This week I was talking to some US private equity guys about opportunities for them to lend to the UK retail market; looking, in particular, at struggling UK heritage brands and the recent CVA phenomenon. We discussed how brands that are struggling in Europe might tap into a stronger US consumer economy, which is seeing consumers with more money in their pockets after last year’s personal tax reforms. One of the brands that was picked up in our research was #KarenMillen and I expected to see its numbers reflect some of the UK retail carnage that was 2018, but that surprisingly wasn’t the case. But before I get to discussing that, the PE guys were asking about the rise of the CVA in the UK, particularly in the retail and hospitality & leisure markets, and whether they could lend in those situations. That got me thinking about CVAs when a turnaround plan was in place and the business was focused on a number of strategies, including for example (1) improving customer engagement though digital interaction, new channels and loyalty programmes and, (2) expanding the brand into new categories with third-party financial and operational support, through brand licensing deals. The PEs confirmed they were interested in lending provided they could take security over the brands and related IP assets, particularly if some of the funding was being spent on increasing the brand asset (secured) value by pursuing these strategies.
Anyway, back to the KM brand. I read that its turnaround plan seems to be working and when I read on, I was intrigued. It seems a big part of its turnaround success is linked to working with specialist third parties focused on licence deals around the KM brand and related IP assets. That strategy involved taking the Karen Millen brand to market in new categories through licensing partners e.g. it was reported that #PentlandGroup signed a licence for footwear and #GlobalBrandsGroup signed a licence for handbags and #HeidiKlein signed a global licence for swimwear. This is a strategy often used by smaller fashion brands making the move to become more of broader lifestyle brand once they build a strong customer following. In the past successful global licensing strategies were reserved for large global brands with big financial backers, but now mid-market brands are successfully tapping into these strategies.
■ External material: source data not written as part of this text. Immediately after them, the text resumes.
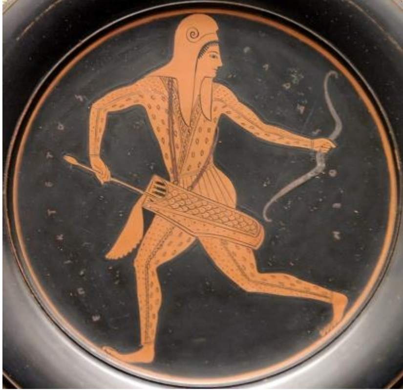
Arquero escita c. 500 a.C.

Los escitas eran caucásicos. ¿Dónde podrían estar hoy?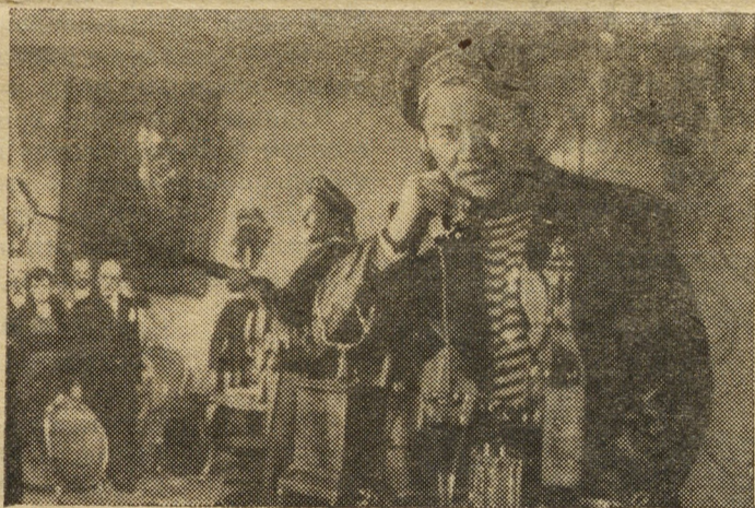
Кадр из к/ф «Незабываемый 1919 год»

Более тридцати лет на экране... Сколько ролей — и главных, и эпизодических — создано за это время! Доктор Рождественский в ленте «Во имя жизни», полковник Сербиченко в фильме «Звезда» (по повести Э. Казакевича), опытный подпольщик-революционер Сигизмунд Раевский в картине «Рожденные бурей», умный прощательный Уинном Скотт из ленты «Белый клык», двурушник Пятаков в фильме «Вихри враждебные», затем фильмы «Дорога правды», «Костер бессмертия», «Моя дочь», «Киевлянка», «Заговор обреченных», «Следы на снегу», «Координаты неизвестны», «Заре навстречу», и наконец, последняя роль О. Жакова в новом фильме «Путь к причалу».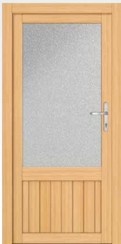
Typ 22.4100 H Basic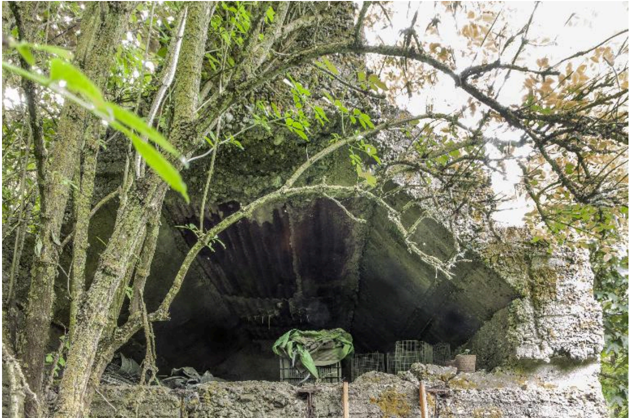
Combles, côté sud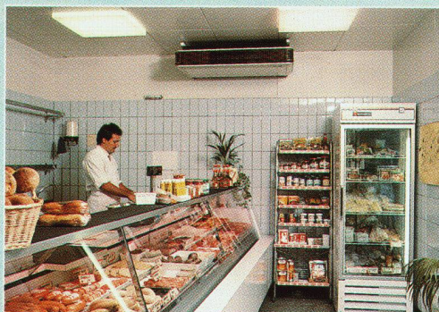
z.B. in Ladenlokalen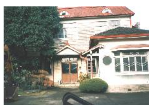
取り壊し前の片倉工場の事務所

戦後は、自転車(シルク号)を生産していたが、平成元年、八王子に移転。取り壊された後は、「片倉跡地」となっている。※「福生歴史物語」によると、森田製糸所は明治六年に創業された、東京府で最初の製糸工場であった。政策と輸出の伸び、好景気の時代に支えられて相当な利益を上げた。やがて、生糸繭価の暴落、関東大震災、金融恐慌などの打撃を受けて衰退した。 トロッコが走っていた 多摩川に東京府砂利工場があった関係で、砂利を拝島駅に運ぶために、ディーゼル機関車でトロッコを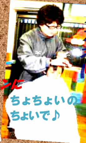
ちよちよいのちよいで♪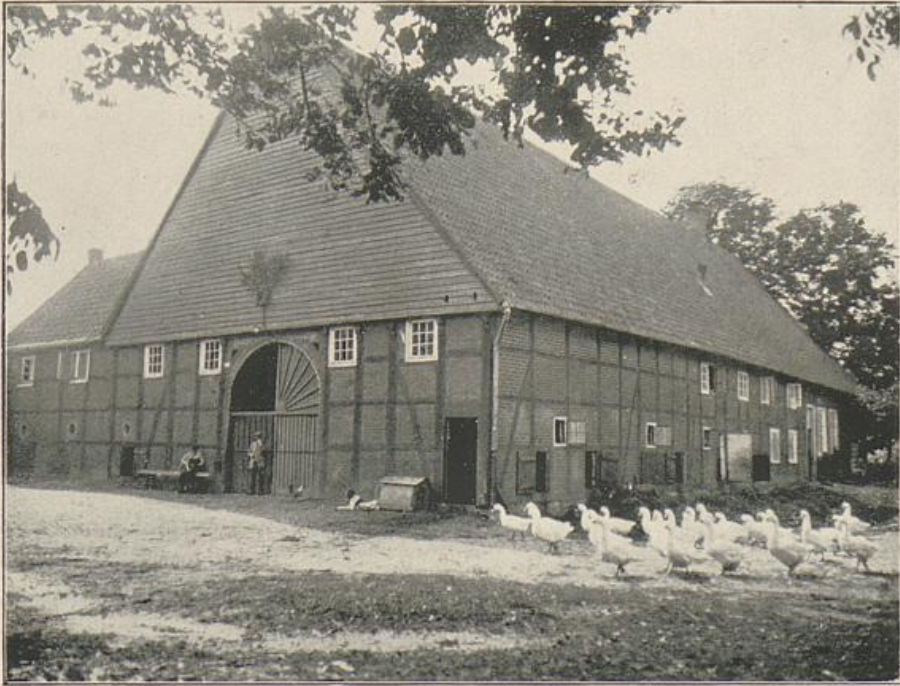
St. Vit. Meier Gewefenhorst.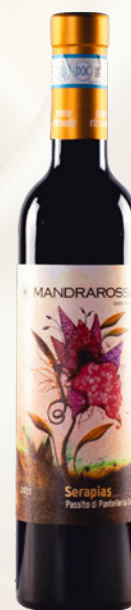
Serapias Passito di Pantelleria DOC Zibibbo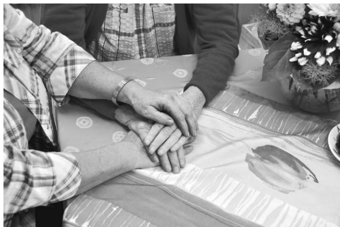
Vor allem in der Grünen Branche werden besonders viele Angehörige zu Hause gepflegt.

One headline in our research was that the KM brand was “gearing up for growth in the global shoe market”. I believe that by using a partner like #PentlandGroup the KM business could be sheltered from the funding or commercial risk of developing the KM brand into a global footwear market on their own. Often in these licence deals the brand collects an upfront fee and ongoing royalties, especially where they have a brand valuation with comparable royalties as leverage in those discussions. Licence deals also offer key valuation points that can boost the overall business valuation and royalty-backed IP / brand valuations can be used to good effect in discussions with lenders and ultimately buyers of the business in any scenario. One of the key valuation points for us in the sale of the #BENCH urban youth brand last year, was the recurring revenues from existing licensing partners.
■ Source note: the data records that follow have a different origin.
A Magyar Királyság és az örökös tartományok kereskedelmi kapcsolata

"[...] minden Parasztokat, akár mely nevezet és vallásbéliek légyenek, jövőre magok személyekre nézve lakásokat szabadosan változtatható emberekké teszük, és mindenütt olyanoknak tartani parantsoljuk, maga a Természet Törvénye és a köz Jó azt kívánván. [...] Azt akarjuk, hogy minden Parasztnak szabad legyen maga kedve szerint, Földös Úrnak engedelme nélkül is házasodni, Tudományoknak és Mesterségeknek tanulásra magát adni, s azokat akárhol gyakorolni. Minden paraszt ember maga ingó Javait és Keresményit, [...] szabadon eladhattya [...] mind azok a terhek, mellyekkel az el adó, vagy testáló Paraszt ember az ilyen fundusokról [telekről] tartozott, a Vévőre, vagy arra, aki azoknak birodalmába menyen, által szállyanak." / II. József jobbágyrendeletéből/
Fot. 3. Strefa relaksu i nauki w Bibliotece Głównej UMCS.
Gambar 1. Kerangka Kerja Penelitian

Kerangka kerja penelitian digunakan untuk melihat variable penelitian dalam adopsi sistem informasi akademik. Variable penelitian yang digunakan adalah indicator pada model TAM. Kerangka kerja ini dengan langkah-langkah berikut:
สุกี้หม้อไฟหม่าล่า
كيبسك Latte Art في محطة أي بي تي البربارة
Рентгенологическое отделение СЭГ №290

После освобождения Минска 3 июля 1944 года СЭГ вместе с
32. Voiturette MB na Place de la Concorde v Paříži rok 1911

Interestingly, we discussed similar IP focused retail strategies during IP training sessions we delivered to UK restructuring firms in 2018; sharing ideas on brand-led and other IP-related business strategies for retailers and leisure brands, to inject some life into a turnaround plan. These can also help attract fresh capital and operational support and specialist “category” retail knowledge from carefully selected partners to launch in categories such as shoes, lingerie, sunglasses, perfume, handbag, etc, etc. Heck it seems to be working for Karen Millen and I for one will be following its progress with interest.
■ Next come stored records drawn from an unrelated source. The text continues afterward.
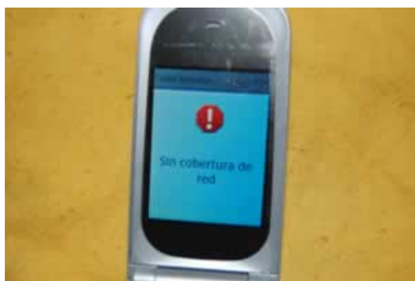
Lacónico el mensaje que indicaba la pantalla.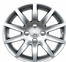
Jante alliage Izalco 16"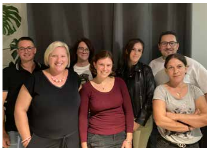
> Le bureau du Sou des écoles pour cette nouvelle année 2024-2025.

Toutes les bonnes volontés sont les bienvenues !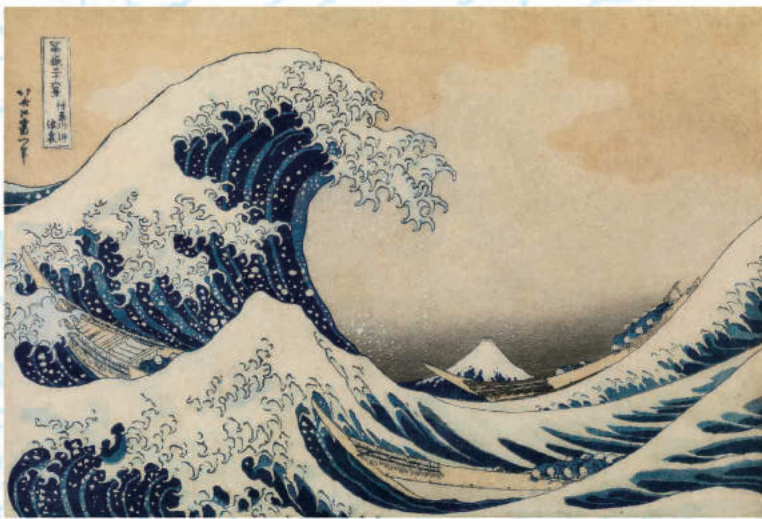
「富嶽三十六景 神奈川沖浪裏」(前期) ※後期は掲載とは異なる作品を展示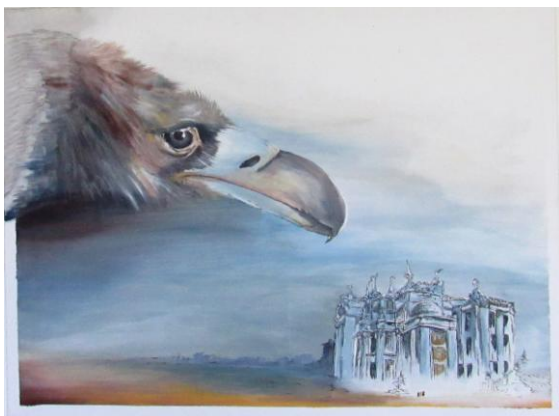
Haus mit Chimären

Thorsten Böckmanns „Ansichtssachen“, stellen nicht die Realität vor Ort dar, sondern spiegeln persönliche Eindrücke. Im Fokus stehen die ukrainische Hauptstadt Kiew und Tschernobyl.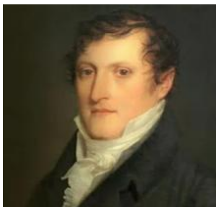
General Manuel Belgrano.

Manuel Belgrano. El creador de la bandera argentina, uno de los patriotas que impulsaron la Revolución de Mayo y uno de los máximos héroes de la Guerra de Independencia.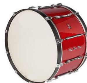
la grosse caisse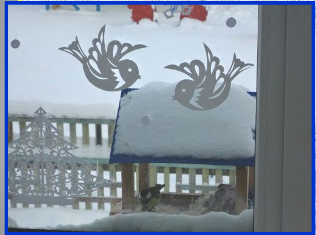
Творчество семьи Марии Мальцевой.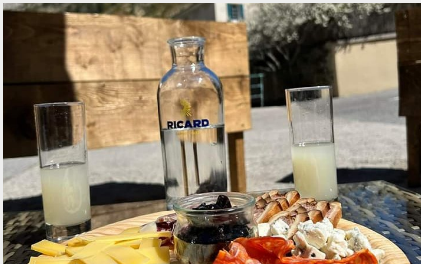
Crédit photo : Terrasse avec vue sur les falaises d'Orpierre (Bar restaurant Le QZ)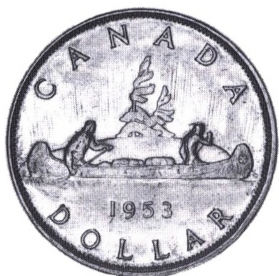
Canadisk sølv kano dollar fra 1953.

kano. Indtil 1966 blev dollaren præget i sølv med finheden 0.800, men fra 1968 er den præget i kobbernikkel med en diameter på 32 mm.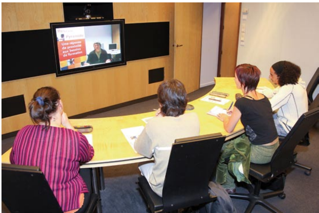
Des locaux et des équipements performants.

L'association ITmédia2 est une des principales têtes de pont du réseau régional de formation à distance Pyramide. Installée à Castres dans les locaux de la CCI, elle propose un catalogue de formations pour tout public, majoritairement des demandeurs d'emplois, mais aussi des salariés en recherche d'évolution.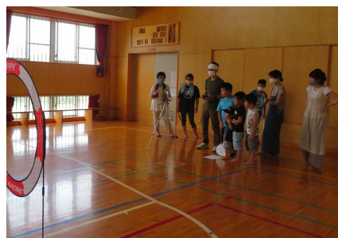
子どもたちも順番に操作体験 覚えの速さに大人はびっくり！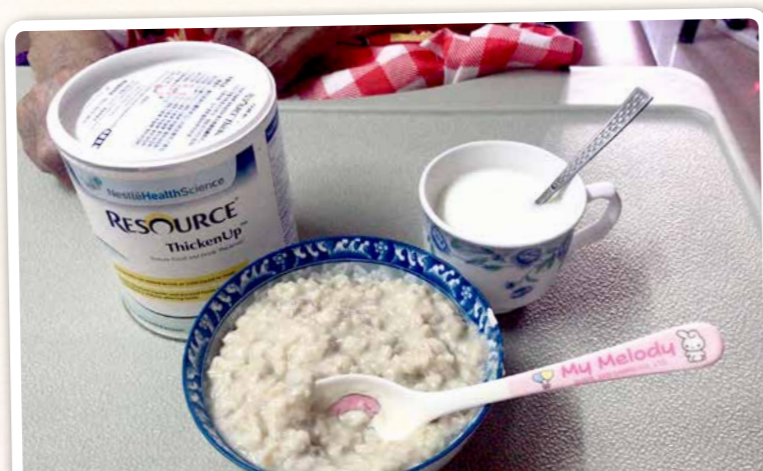
治療師到戶使用長者家中普通食具及凝固粉進食訓練

Finally, since we started with companies tapping into US and global consumer demand, I kid you not, I had a dream that I got a call from the US president last night – this is the truth – he wanted to discuss the roll-out of the IP100 across the USA as a new benchmark of IP protection and IP management and he wanted this done in conjunction with the Chinese, as part of their new IP Accord (agreement) to overcome their long standing dispute around trade secret and IP theft. He said it was to give us “common goals around protecting IP for mutual and combined economic gain and to help stimulate growth in small and medium sized enterprises (SMEs)” how bizarre is that? and yet perhaps not such a bad idea. Although I hope there is a better looking blonde in my dreams tonight!
So until my next Metis Letter from America I hope you have a great weekend!